▶ **WHAT IS EXPECTED**: Leave out the pictures and output exactly the lines below from the one with "Научная часть конференции, будет" down to the one with "Artery8 Tropical Exotic", both of them included.

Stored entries
- - - - -
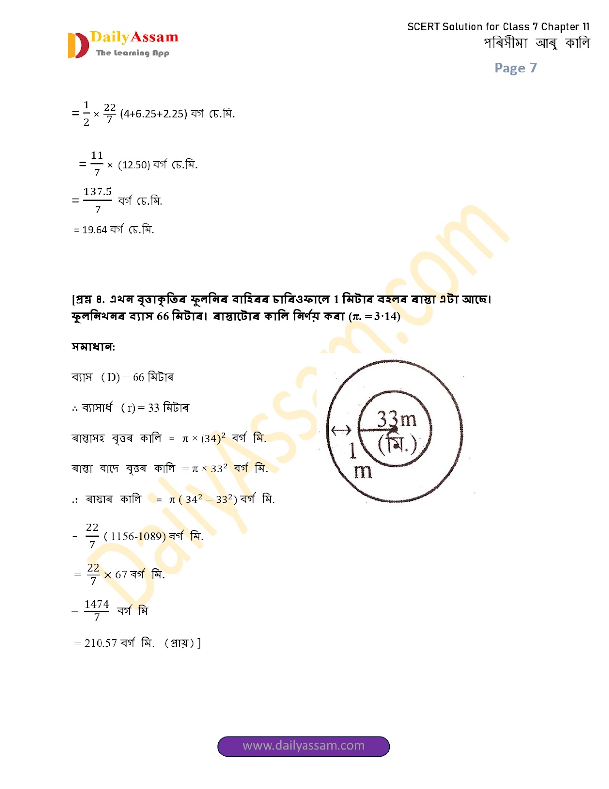8. এখন বৃত্তাকৃতিৰ ফুলনিৰ বাহিৰৰ চাৰিওফালে 1 মিটাৰ বহল ৰাস্তা এটা আছে। ফুলনিখনৰ ব্য়াস 66 মিটাৰ। ৰাস্তাটোৰ কালি নিৰ্ণয় কৰা।
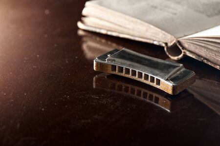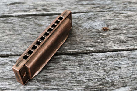 vintage wooden harmonica lying on wooden desk.
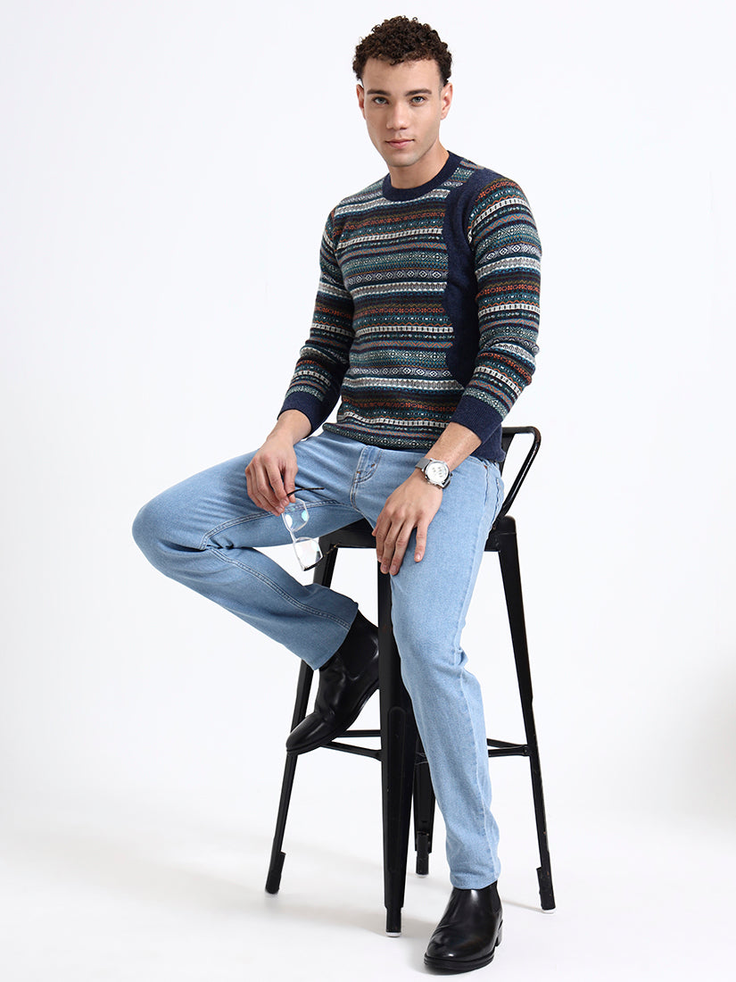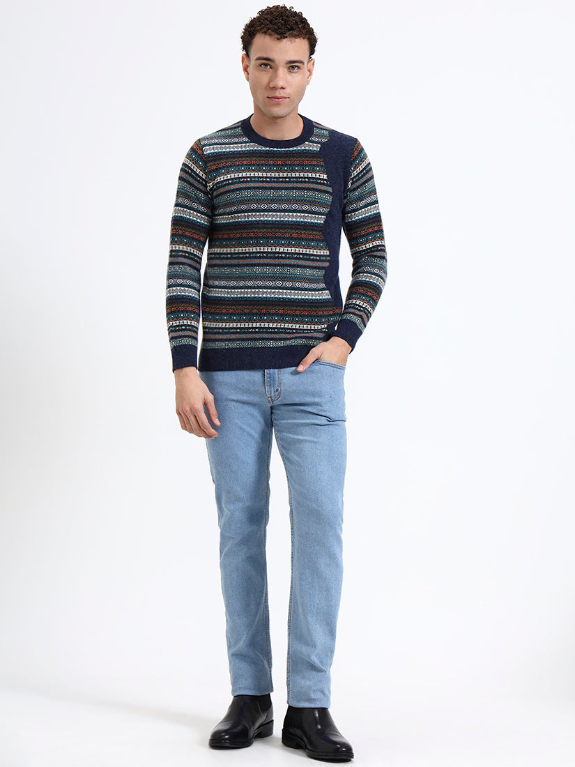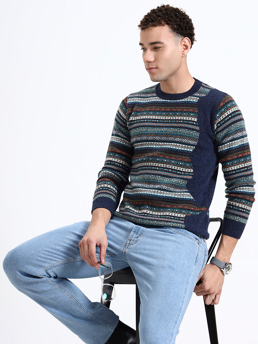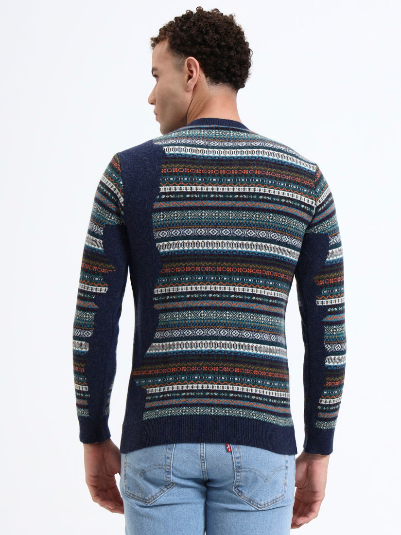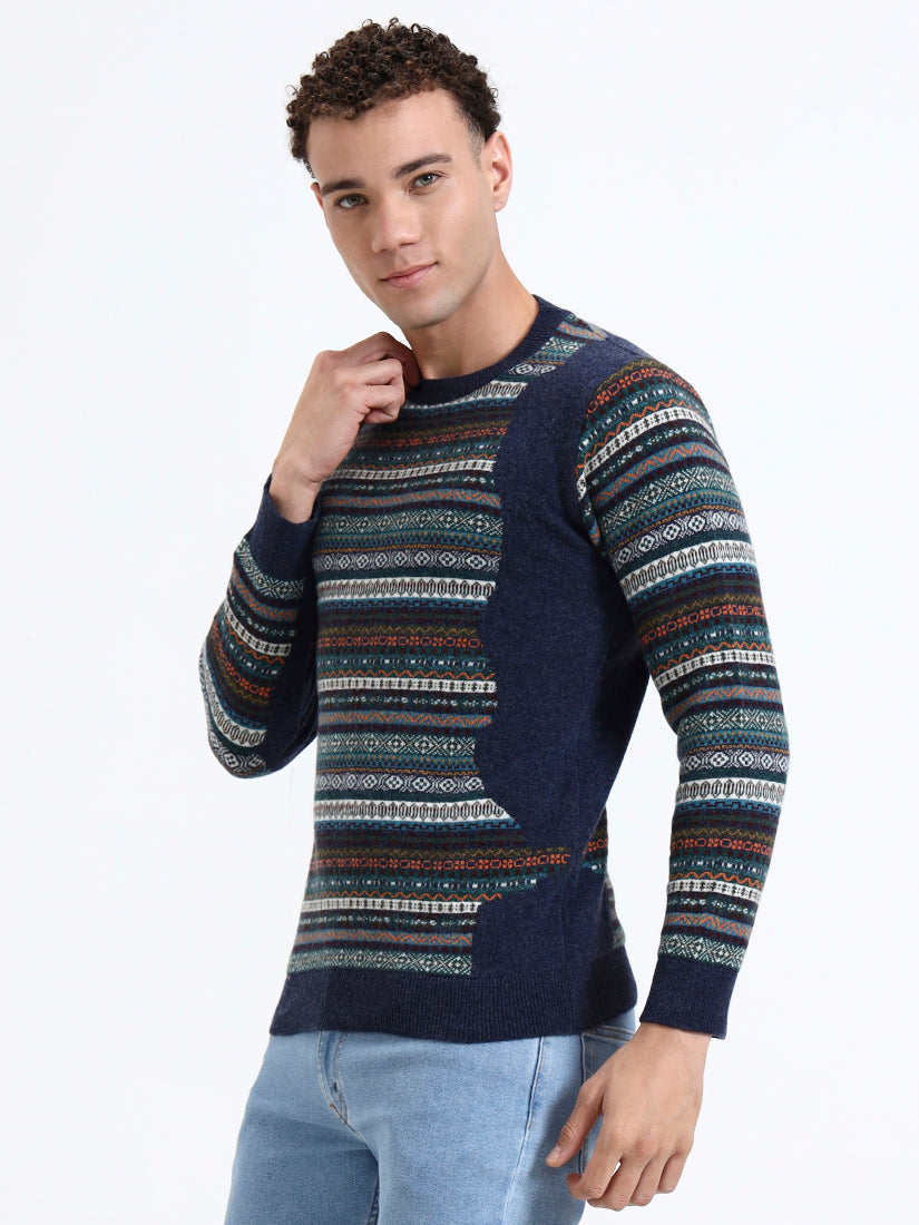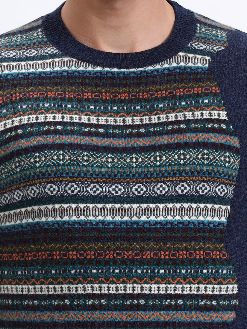 Drawing from Scotland’s Fair Isle tradition, this blue pullover features an all-over Fair Isle pattern with a subtle asymmetric design in warm, multicolour tones. Crafted from a soft Lamb’s Wool blend, it provides natural warmth and comfort with a touch of timeless style.
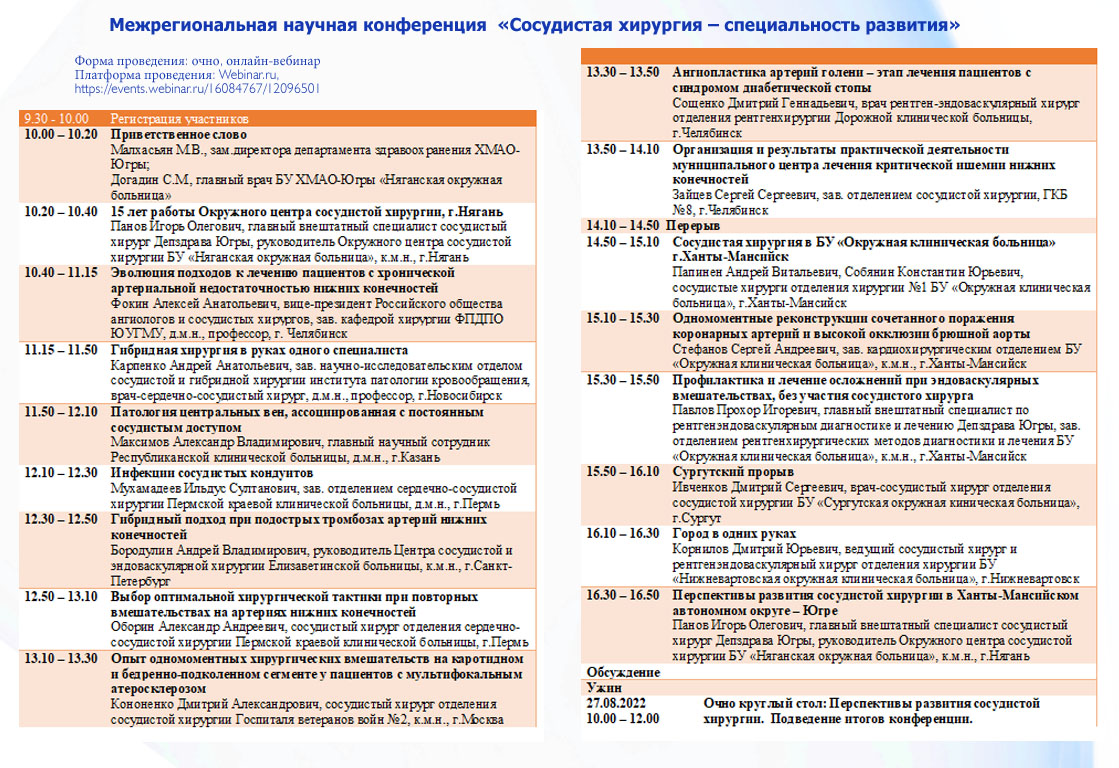 Научная часть конференции, будет посвящена теме развития сосудистой хирургии в целом, новым методам лечения и диагностики, а также операциям, проводимым на стыке специальностей. Участники конференции обсудят и перспективы развития сосудистой хирургии округа.
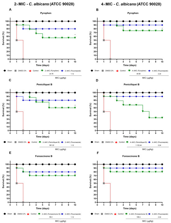 Survival percentage of T. molitor larvae after infection with C. albicans (ATCC 90028) and treatment at concentrations of 2× and 4× MIC (µg/kg) with pyrophen (A,B), penicillquei B (C,D), fonsecinone B (E,F). Negative controls were treated with sterile PBS or with DMSO (2%), and the positive control was Fluconazole. Survival was assessed using the log-rank test. (*) p < 0.05 compared to the control group.
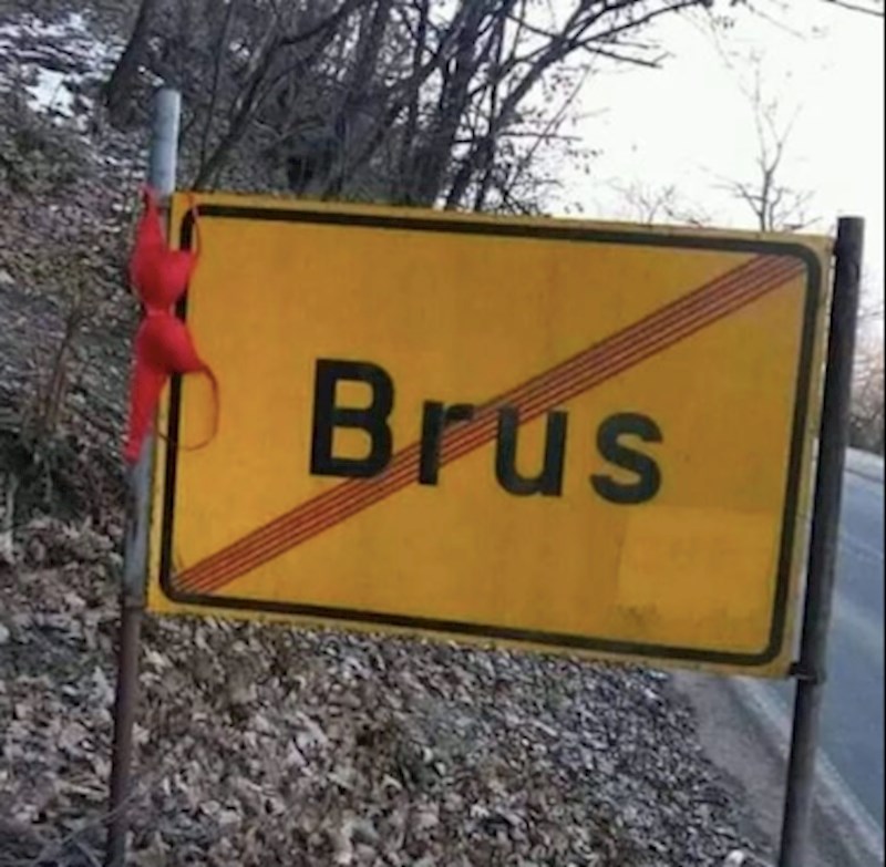 Na prometnom znaku koji označava kraj grada Brusa u Srbiji osvanuo je zanimljiv predmet. Fotka je, naravno, rasplamsala maštu mnogih i odmah postala hit na društvenim mrežama.
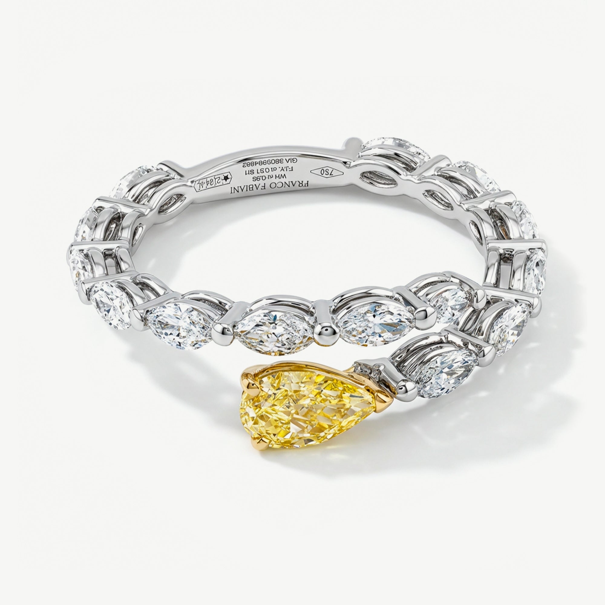 La composizione alterna tagli navette e goccia, disegnando un movimento fluido e armonico che avvolge il dito come un raggio che non conosce fine. Al centro, la pietra Fancy da 0,51 ct, certificata GIA, esprime un colore Giallo Intenso di rara profondità, con purezza SI1: una scintilla viva, calda, irripetibile.
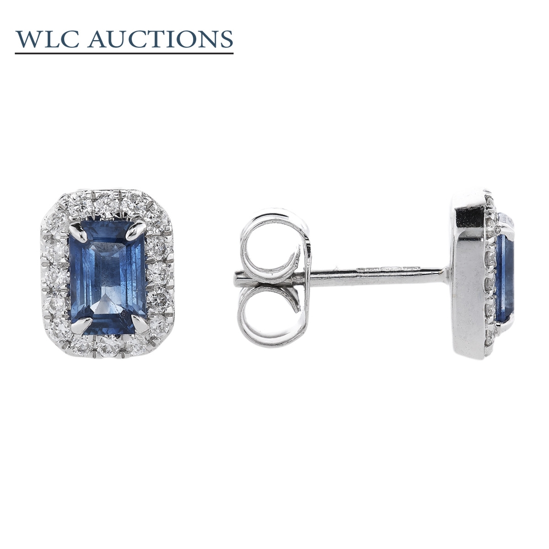 A brand-new, unused, certified pair of natural diamond & blue sapphire emerald-shaped cluster earrings, with two octagonal step-cut blue sapphire gemstones at the centre & a cluster of brilliant-cut diamonds in a halo setting, set in 18ct white gold.
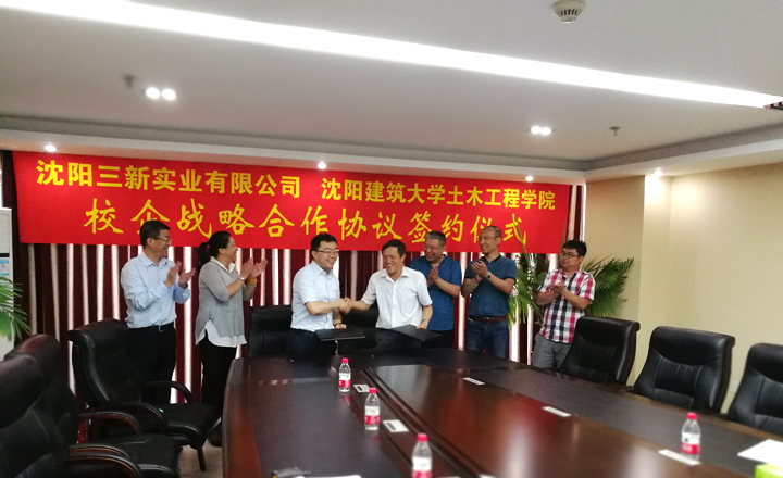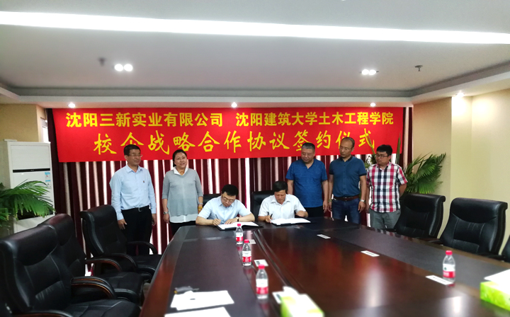 2017年6月14日,沈陽(yáng)建筑大學(xué)土木工程學(xué)院賈連光書(shū)記一行參觀(guān)了三新集團(tuán)廠(chǎng)區(qū)及總部,并進(jìn)行了深入的會(huì)談。之后雙方正式簽訂戰(zhàn)略合作協(xié)議。雙方本著共同發(fā)展的目的,重點(diǎn)在人才培養(yǎng)、科技創(chuàng)新、技術(shù)交流等方面開(kāi)展廣泛、密切的合作。雙方希望通過(guò)建立密切、長(zhǎng)久及融洽的戰(zhàn)略合作伙伴關(guān)系,充分發(fā)揮高校和企業(yè)各自的技術(shù)和人才優(yōu)勢(shì),緊密合作,提升企業(yè)的研究水平和競(jìng)爭(zhēng)實(shí)力,同時(shí)增強(qiáng)學(xué)校應(yīng)用技術(shù)人才的培養(yǎng)能力,促進(jìn)工程技術(shù)類(lèi)應(yīng)用性學(xué)科的建設(shè)。協(xié)議的簽訂為進(jìn)一步完善公司產(chǎn)學(xué)研模式,提高專(zhuān)利成果的轉(zhuǎn)化速度,都有著重要促進(jìn)作用,同時(shí)為各自的今后發(fā)展增添新動(dòng)力。
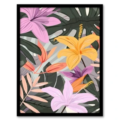 Artery8 Tropical Exotic Colourful Lilies Monstera Design Living Room Artwork Framed Wall Art Print A4
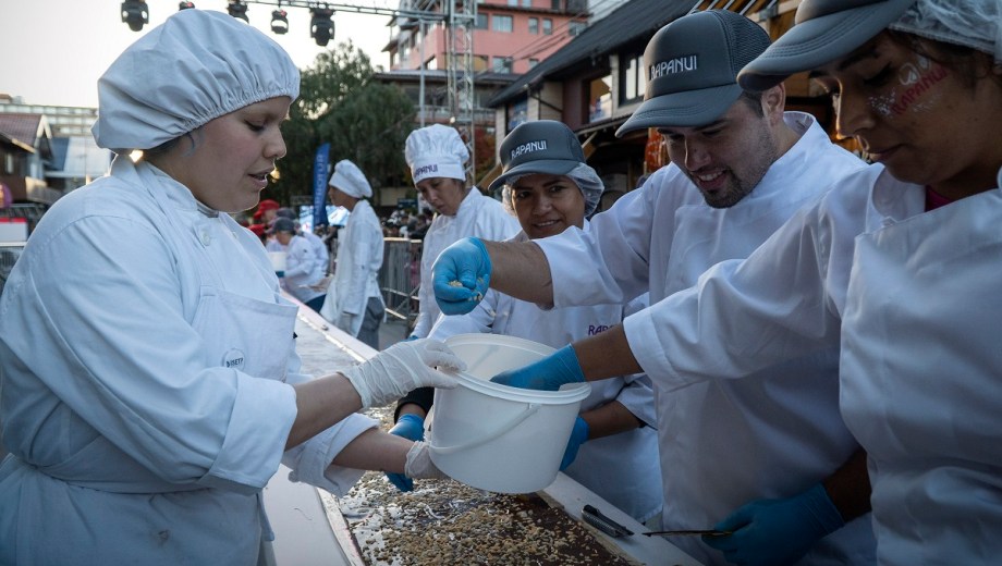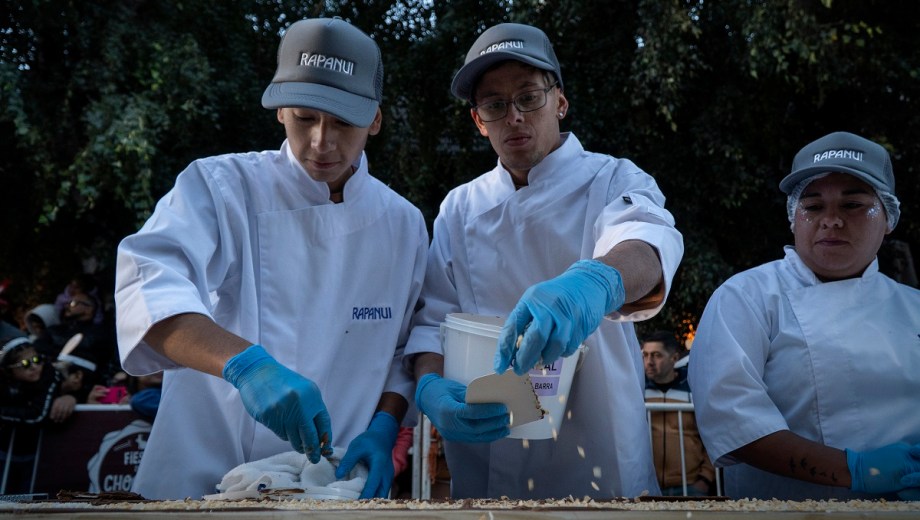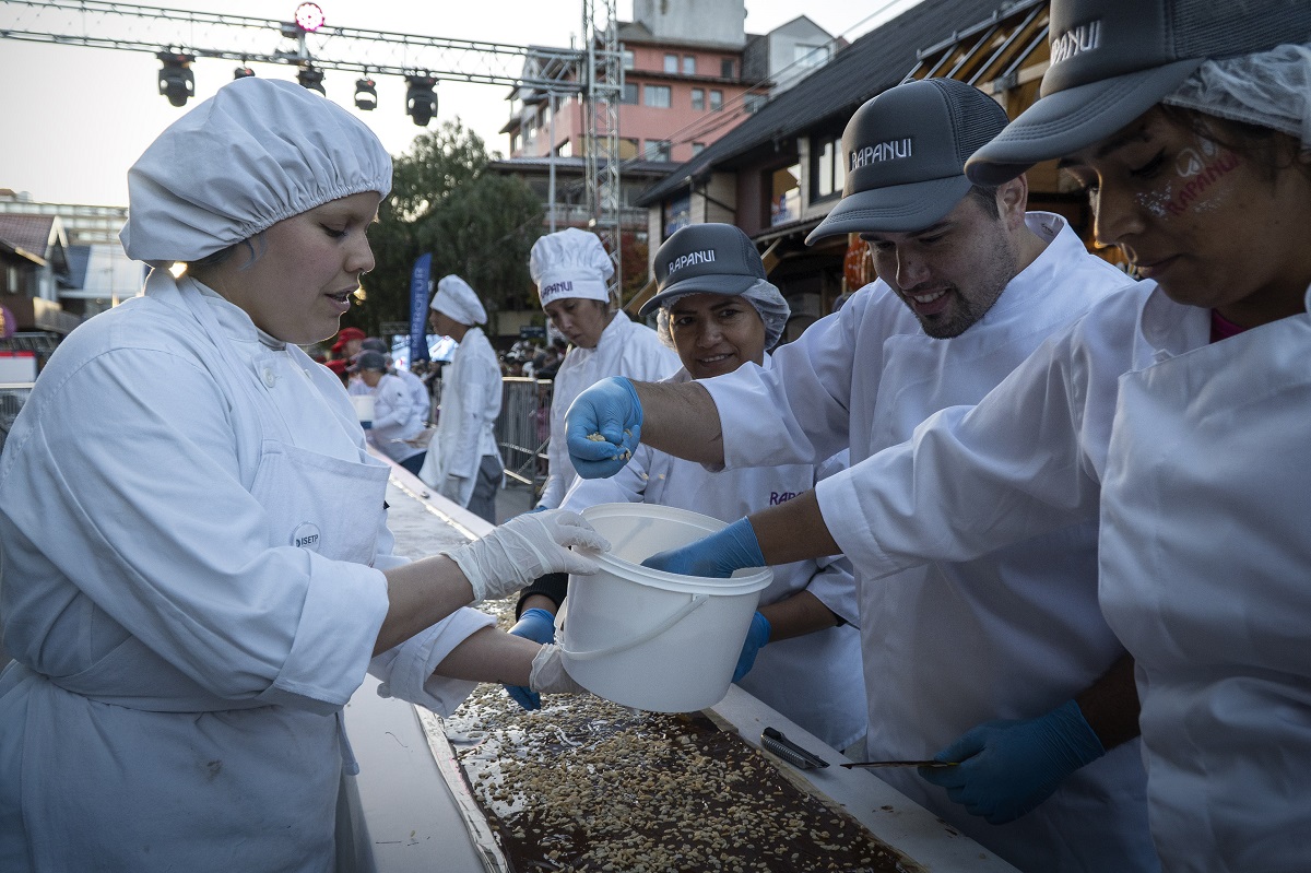 La nueva edición de la Fiesta Nacional del Chocolate aportó, una vez más, uno de sus espectáculos más convocantes en Bariloche: la barra de chocolate más larga del mundo que se elabora en vivo y en directo.
- - - - -
▶ **THE ANSWER**:
 Научная часть конференции, будет посвящена теме развития сосудистой хирургии в целом, новым методам лечения и диагностики, а также операциям, проводимым на стыке специальностей. Участники конференции обсудят и перспективы развития сосудистой хирургии округа.
 Survival percentage of T. molitor larvae after infection with C. albicans (ATCC 90028) and treatment at concentrations of 2× and 4× MIC (µg/kg) with pyrophen (A,B), penicillquei B (C,D), fonsecinone B (E,F). Negative controls were treated with sterile PBS or with DMSO (2%), and the positive control was Fluconazole. Survival was assessed using the log-rank test. (*) p < 0.05 compared to the control group.
 Na prometnom znaku koji označava kraj grada Brusa u Srbiji osvanuo je zanimljiv predmet. Fotka je, naravno, rasplamsala maštu mnogih i odmah postala hit na društvenim mrežama.
 La composizione alterna tagli navette e goccia, disegnando un movimento fluido e armonico che avvolge il dito come un raggio che non conosce fine. Al centro, la pietra Fancy da 0,51 ct, certificata GIA, esprime un colore Giallo Intenso di rara profondità, con purezza SI1: una scintilla viva, calda, irripetibile.
 A brand-new, unused, certified pair of natural diamond & blue sapphire emerald-shaped cluster earrings, with two octagonal step-cut blue sapphire gemstones at the centre & a cluster of brilliant-cut diamonds in a halo setting, set in 18ct white gold.
 2017年6月14日,沈陽(yáng)建筑大學(xué)土木工程學(xué)院賈連光書(shū)記一行參觀(guān)了三新集團(tuán)廠(chǎng)區(qū)及總部,并進(jìn)行了深入的會(huì)談。之后雙方正式簽訂戰(zhàn)略合作協(xié)議。雙方本著共同發(fā)展的目的,重點(diǎn)在人才培養(yǎng)、科技創(chuàng)新、技術(shù)交流等方面開(kāi)展廣泛、密切的合作。雙方希望通過(guò)建立密切、長(zhǎng)久及融洽的戰(zhàn)略合作伙伴關(guān)系,充分發(fā)揮高校和企業(yè)各自的技術(shù)和人才優(yōu)勢(shì),緊密合作,提升企業(yè)的研究水平和競(jìng)爭(zhēng)實(shí)力,同時(shí)增強(qiáng)學(xué)校應(yīng)用技術(shù)人才的培養(yǎng)能力,促進(jìn)工程技術(shù)類(lèi)應(yīng)用性學(xué)科的建設(shè)。協(xié)議的簽訂為進(jìn)一步完善公司產(chǎn)學(xué)研模式,提高專(zhuān)利成果的轉(zhuǎn)化速度,都有著重要促進(jìn)作用,同時(shí)為各自的今后發(fā)展增添新動(dòng)力。
 Artery8 Tropical Exotic Colourful Lilies Monstera Design Living Room Artwork Framed Wall Art Print A4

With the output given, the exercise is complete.